Optionally, a rolling device is provided between the first modality device and the second modality device.
Optionally, the rolling device includes an inner fixed ring, an outer fixed ring, and a plurality of rolling elements disposed between the inner fixed ring and the outer fixed ring, the inner fixed ring is fixed to the second mode device, and the outer fixed ring is fixed to the first mode device.
Optionally, the first modal device and/or the second modal device is/are provided with a clutch device, and the clutch device is used for locking the first modal device and the second modal device to form an integral structure; or unlocked to allow independent rotation of the first and second modality devices.

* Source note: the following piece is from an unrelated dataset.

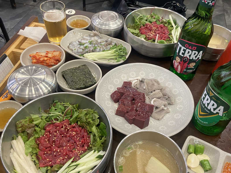 昌信育会にて。ブチョンは入れずその隣のお店。とても美味しい。動く生ダコや生レバーも素晴らしかった

Optionally, the clutch device includes a fixing member and a locking member disposed on the fixing member, the fixing member is fixedly disposed on one of the first mode device and the second mode device, and the locking member is connected to the other in a matching manner.
Optionally, the driving device includes a support assembly and a first driving assembly for driving the first mode device to rotate, and the first mode device is erected on the support assembly.
Optionally, the support assembly comprises at least two rolling wheel assemblies with parallel axes, the first modal device being mounted on the at least two rolling wheel assemblies.
Optionally, the rolling wheel assembly includes a driving wheel and at least one driven wheel, and the first driving assembly drives the driving wheel to rotate.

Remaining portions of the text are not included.